Los últimos debates en redes sociales se centran en su productividad y beneficios en el trabajo. Hay quien exige resultados ante el crecimiento de los medios sociales y su generalización en las organizaciones, considerada como un imperativo del negocio.

Ya no se trata de debatir cómo se limita el uso de las redes sociales en las empresas. El nuevo argumento se centra en la productividad real de éstas y los beneficios que se derivan de su utilización por parte de los empleados. Hay quien exige resultados ante el crecimiento de los medios sociales y su generalización en las organizaciones, considerada como un imperativo del negocio.

Hasta hace bien poco, el mayor problema con el que se enfrentaban las empresas en relación con el uso de las redes sociales en horas de trabajo era cómo limitar el acceso y utilización de sus empleados a éstas. De hecho, un reciente estudio de Robert Half Technology concluye que más de la mitad de las compañías estadounidenses tiene bloqueado el acceso a redes sociales como Facebook o Twitter. Sin embargo, hay un número creciente de firmas que se están convirtiendo en lugares de trabajo hiperconectados. El uso de wikis, blogs, microblogs o redes sociales corporativas comunica a los empleados de forma global y fomenta la colaboración. Así, el nuevo debate ya no se centra en determinar si su uso debe ser limitado, sino en cuantificar la productividad real de unas herramientas con potencial para generar beneficios.

Dave Willmer, director ejecutivo de Robert Half Technology, asegura que "para determinadas profesiones, estas redes sociales y profesionales pueden ser consideradas como herramientas efectivas de negocio", mientras que Luis López, director del área de recursos humanos de Deloitte, contesta a la posibilidad de restringir el uso de las redes sociales en el trabajo recordando que hace diez años se planteaba la duda acerca del uso de internet en la oficina: "Ahora esto no se entiende, porque resulta una herramienta imprescindible, no sólo para estar al día, sino para tomar decisiones, buscar información y, en nuestro caso, también candidatos". El acceso a estas redes implica productividad, según asegura Brent Coker, del departamento de management y marketing de la Universidad de Melbourne, que ha realizado un estudio que sostiene que los empleados conectados son un 9% más productivos. Coker recuerda que "las compañías gastan millones en software para bloquear el acceso de sus empleados a las redes y a sitios como YouTube, para el uso de herramientas como Facebook o de compras online bajo la pretensión de que éstos cuestan millones en pérdida de productividad".

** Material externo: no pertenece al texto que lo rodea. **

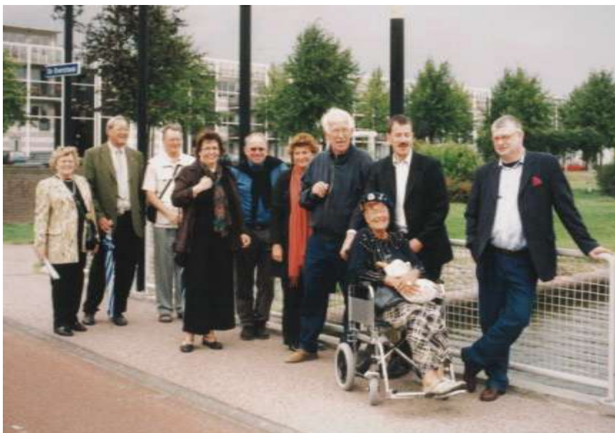
Een uitje naar de wijk Kattenbroek in Amersfoort. Voor de vijver van Emiclaer.

Bij een jubileum hoort ook een terugblik. Een oud-bestuurslid stuurde ons deze foto van het toenmalige bestuur van Stichting Dorpsbehoud tijdens een cultureel uitje in 2003.
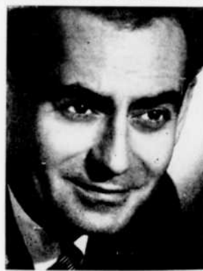
Guy Provost anime "La Vie qui bat" à 5 h. 30.

"L'Histoire d'Otto Frick". Eliot Ness enquête sur le marché clandestin de la drogue. Son action est limitée à cause des implications politiques de cette affaire.
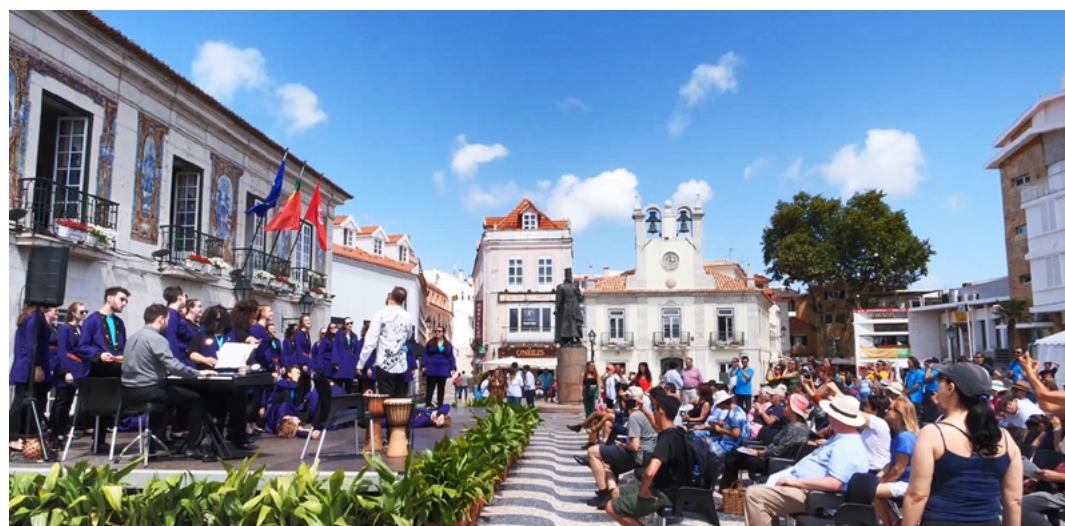
World Choral Expo 2019 in Cascais, Portugal
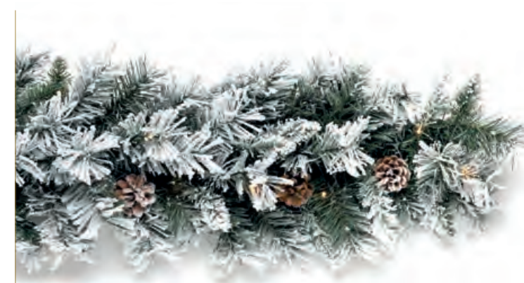
festone con neve e pigne garland with snow and pinecones 1XM419.10 120 cm _ 20 leds 1XM420.10 180 cm _ 30 leds AA

Pero muchas organizaciones se muestran convencidas de que el uso de las redes sociales implica mejoras de comunicación, colaboración y aproximaciones más creativas a la resolución de problemas. Cada vez más compañías descubren que un lugar de trabajo hiperconectado supone abrazar un cambio cultural que crea un entorno abierto en el que los empleados reciben estímulos para compartir e innovar, y que existen beneficios económicos asociados a todo ello.

Respecto a la productividad concreta o real Daniel Pérez Colomar, director general de Xing, afirma que "cuando se habla de redes, nos referimos a todas absolutamente, pero la diferencia entre unas y otras supone un abismo". Pérez Colomar distingue aquellas más lúdicas –entre las que sitúa a Facebook o Tuenti– de las que tienen un carácter más productivo.

En el grupo de las más profesionales, el experto incluye a Xing o a Twitter, y asegura que se trata de herramientas especialmente adecuadas para áreas como ventas, márketing, comunicación y relaciones públicas. En las tres últimas también observa alguna posibilidad útil en redes sociales como Facebook, pero no ve demasiado sentido al uso de las que tienen un carácter más lúdico en departamentos como el financiero o en logística.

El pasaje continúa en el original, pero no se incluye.